Give back every entry precisely as written, without any of the images.

[Items from a data source]
_ _ _

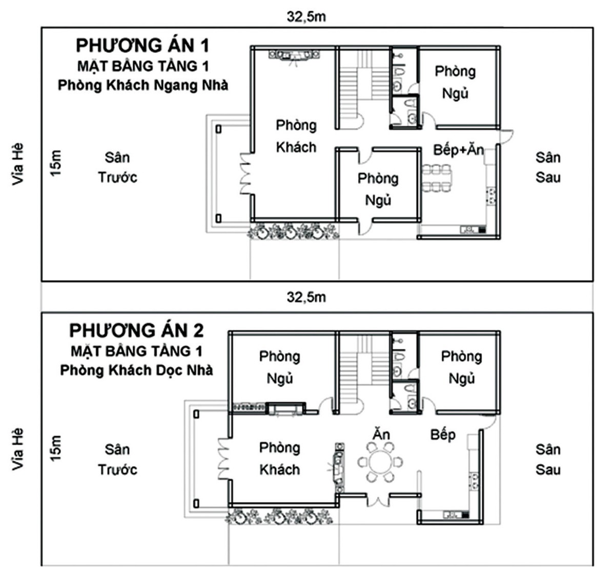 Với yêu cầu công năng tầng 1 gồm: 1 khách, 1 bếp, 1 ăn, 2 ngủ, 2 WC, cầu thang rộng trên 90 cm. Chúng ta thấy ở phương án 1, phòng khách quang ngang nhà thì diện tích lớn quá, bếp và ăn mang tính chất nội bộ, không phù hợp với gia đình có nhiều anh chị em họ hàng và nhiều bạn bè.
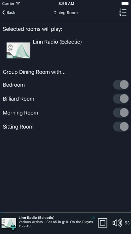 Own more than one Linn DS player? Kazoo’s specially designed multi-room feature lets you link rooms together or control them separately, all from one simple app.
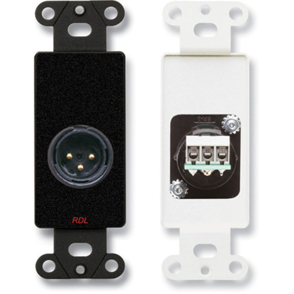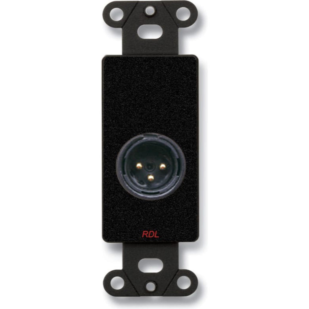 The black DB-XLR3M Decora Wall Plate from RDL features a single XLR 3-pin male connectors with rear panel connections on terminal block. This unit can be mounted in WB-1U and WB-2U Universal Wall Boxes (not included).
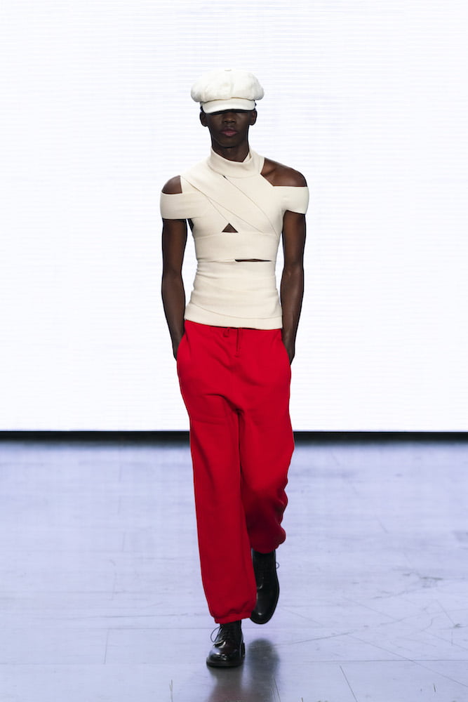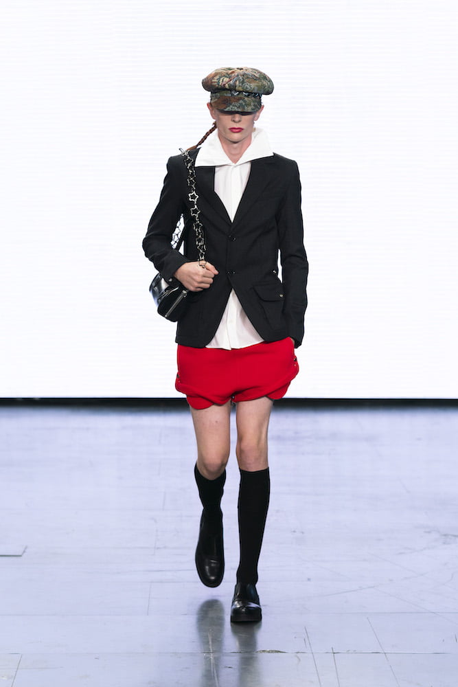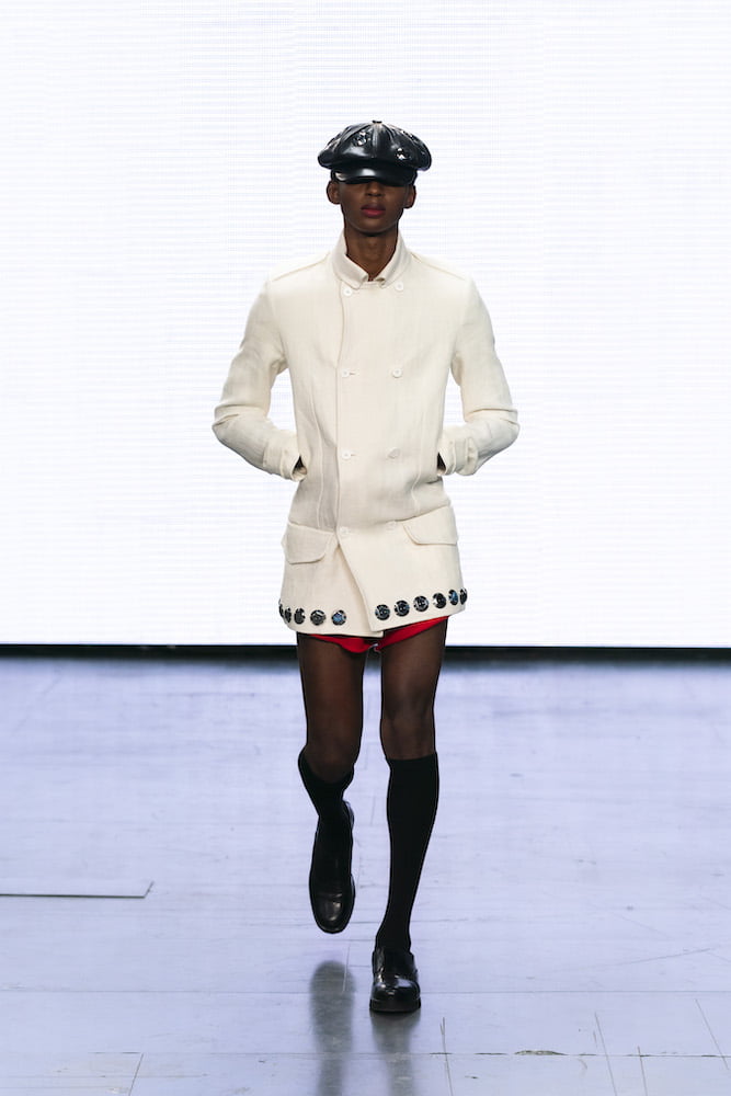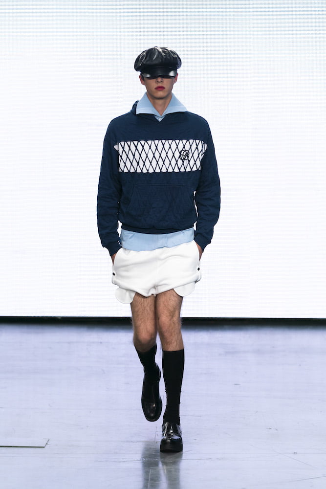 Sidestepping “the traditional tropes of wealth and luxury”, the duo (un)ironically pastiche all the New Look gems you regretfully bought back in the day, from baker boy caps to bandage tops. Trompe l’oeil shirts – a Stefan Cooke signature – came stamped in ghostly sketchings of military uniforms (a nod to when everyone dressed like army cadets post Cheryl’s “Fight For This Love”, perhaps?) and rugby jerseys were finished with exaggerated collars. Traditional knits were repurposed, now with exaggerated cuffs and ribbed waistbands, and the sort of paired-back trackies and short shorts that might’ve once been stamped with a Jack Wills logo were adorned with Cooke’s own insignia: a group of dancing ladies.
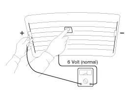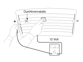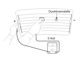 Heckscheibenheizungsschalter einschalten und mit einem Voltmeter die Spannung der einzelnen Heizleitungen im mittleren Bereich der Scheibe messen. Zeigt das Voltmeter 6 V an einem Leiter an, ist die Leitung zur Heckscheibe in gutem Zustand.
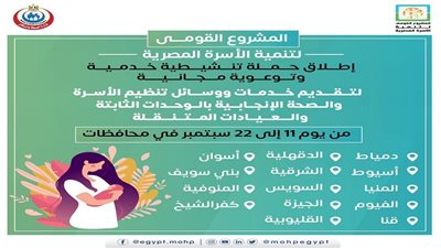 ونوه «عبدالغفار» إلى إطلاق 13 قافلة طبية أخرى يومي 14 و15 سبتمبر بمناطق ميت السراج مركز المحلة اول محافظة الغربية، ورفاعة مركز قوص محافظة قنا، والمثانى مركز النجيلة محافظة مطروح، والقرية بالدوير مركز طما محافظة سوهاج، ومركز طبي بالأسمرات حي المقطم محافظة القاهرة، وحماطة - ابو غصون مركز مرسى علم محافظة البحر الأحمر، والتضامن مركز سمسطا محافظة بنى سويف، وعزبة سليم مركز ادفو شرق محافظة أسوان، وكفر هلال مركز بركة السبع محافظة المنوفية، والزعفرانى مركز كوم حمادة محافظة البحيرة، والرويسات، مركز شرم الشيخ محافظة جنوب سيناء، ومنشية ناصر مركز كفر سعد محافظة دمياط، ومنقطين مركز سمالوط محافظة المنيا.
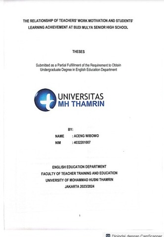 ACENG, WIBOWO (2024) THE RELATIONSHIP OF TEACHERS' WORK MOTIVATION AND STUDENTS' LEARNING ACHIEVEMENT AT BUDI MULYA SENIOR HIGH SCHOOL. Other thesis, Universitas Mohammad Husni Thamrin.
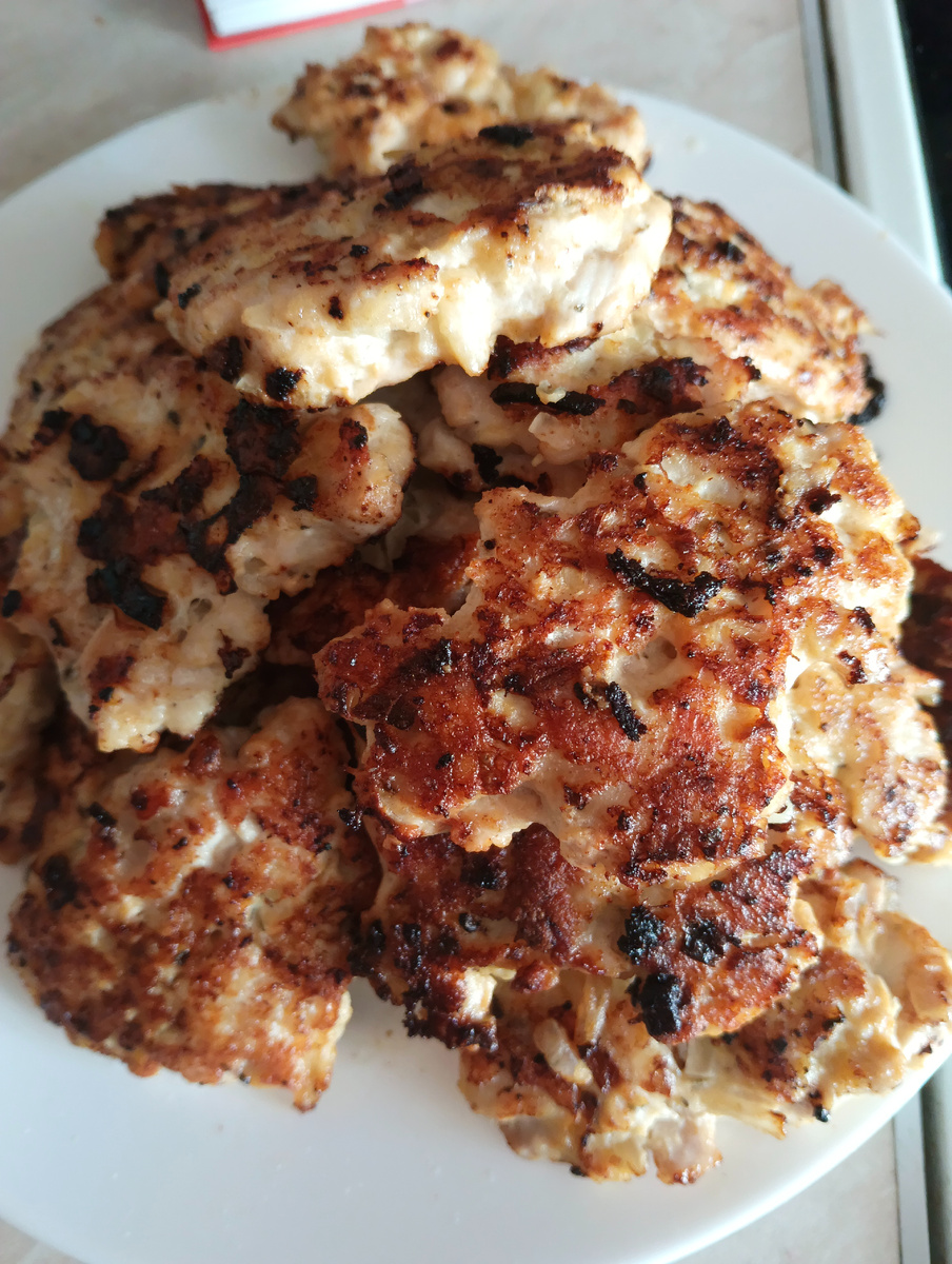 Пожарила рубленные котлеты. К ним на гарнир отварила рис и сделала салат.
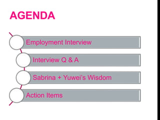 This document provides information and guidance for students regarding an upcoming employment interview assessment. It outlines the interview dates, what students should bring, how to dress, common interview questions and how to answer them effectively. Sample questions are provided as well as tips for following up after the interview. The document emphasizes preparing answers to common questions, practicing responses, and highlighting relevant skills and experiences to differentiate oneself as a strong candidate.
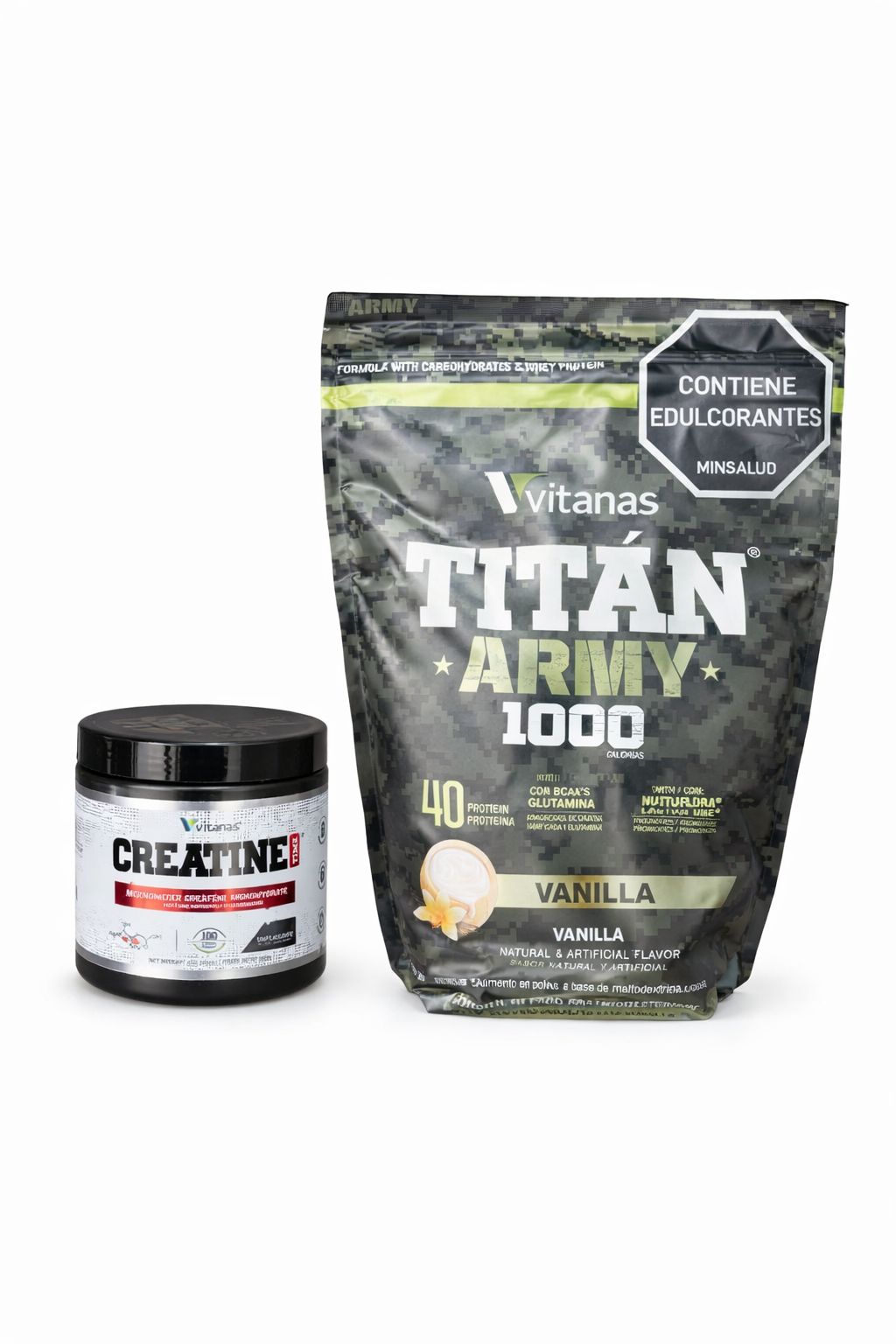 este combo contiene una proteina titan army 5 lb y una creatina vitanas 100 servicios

_ _ _

PROBLEM SOLUTION:
 Với yêu cầu công năng tầng 1 gồm: 1 khách, 1 bếp, 1 ăn, 2 ngủ, 2 WC, cầu thang rộng trên 90 cm. Chúng ta thấy ở phương án 1, phòng khách quang ngang nhà thì diện tích lớn quá, bếp và ăn mang tính chất nội bộ, không phù hợp với gia đình có nhiều anh chị em họ hàng và nhiều bạn bè.
 Own more than one Linn DS player? Kazoo’s specially designed multi-room feature lets you link rooms together or control them separately, all from one simple app.
 The black DB-XLR3M Decora Wall Plate from RDL features a single XLR 3-pin male connectors with rear panel connections on terminal block. This unit can be mounted in WB-1U and WB-2U Universal Wall Boxes (not included).
 Sidestepping “the traditional tropes of wealth and luxury”, the duo (un)ironically pastiche all the New Look gems you regretfully bought back in the day, from baker boy caps to bandage tops. Trompe l’oeil shirts – a Stefan Cooke signature – came stamped in ghostly sketchings of military uniforms (a nod to when everyone dressed like army cadets post Cheryl’s “Fight For This Love”, perhaps?) and rugby jerseys were finished with exaggerated collars. Traditional knits were repurposed, now with exaggerated cuffs and ribbed waistbands, and the sort of paired-back trackies and short shorts that might’ve once been stamped with a Jack Wills logo were adorned with Cooke’s own insignia: a group of dancing ladies.
 Heckscheibenheizungsschalter einschalten und mit einem Voltmeter die Spannung der einzelnen Heizleitungen im mittleren Bereich der Scheibe messen. Zeigt das Voltmeter 6 V an einem Leiter an, ist die Leitung zur Heckscheibe in gutem Zustand.
 ونوه «عبدالغفار» إلى إطلاق 13 قافلة طبية أخرى يومي 14 و15 سبتمبر بمناطق ميت السراج مركز المحلة اول محافظة الغربية، ورفاعة مركز قوص محافظة قنا، والمثانى مركز النجيلة محافظة مطروح، والقرية بالدوير مركز طما محافظة سوهاج، ومركز طبي بالأسمرات حي المقطم محافظة القاهرة، وحماطة - ابو غصون مركز مرسى علم محافظة البحر الأحمر، والتضامن مركز سمسطا محافظة بنى سويف، وعزبة سليم مركز ادفو شرق محافظة أسوان، وكفر هلال مركز بركة السبع محافظة المنوفية، والزعفرانى مركز كوم حمادة محافظة البحيرة، والرويسات، مركز شرم الشيخ محافظة جنوب سيناء، ومنشية ناصر مركز كفر سعد محافظة دمياط، ومنقطين مركز سمالوط محافظة المنيا.
 ACENG, WIBOWO (2024) THE RELATIONSHIP OF TEACHERS' WORK MOTIVATION AND STUDENTS' LEARNING ACHIEVEMENT AT BUDI MULYA SENIOR HIGH SCHOOL. Other thesis, Universitas Mohammad Husni Thamrin.
 Пожарила рубленные котлеты. К ним на гарнир отварила рис и сделала салат.
 This document provides information and guidance for students regarding an upcoming employment interview assessment. It outlines the interview dates, what students should bring, how to dress, common interview questions and how to answer them effectively. Sample questions are provided as well as tips for following up after the interview. The document emphasizes preparing answers to common questions, practicing responses, and highlighting relevant skills and experiences to differentiate oneself as a strong candidate.
 este combo contiene una proteina titan army 5 lb y una creatina vitanas 100 servicios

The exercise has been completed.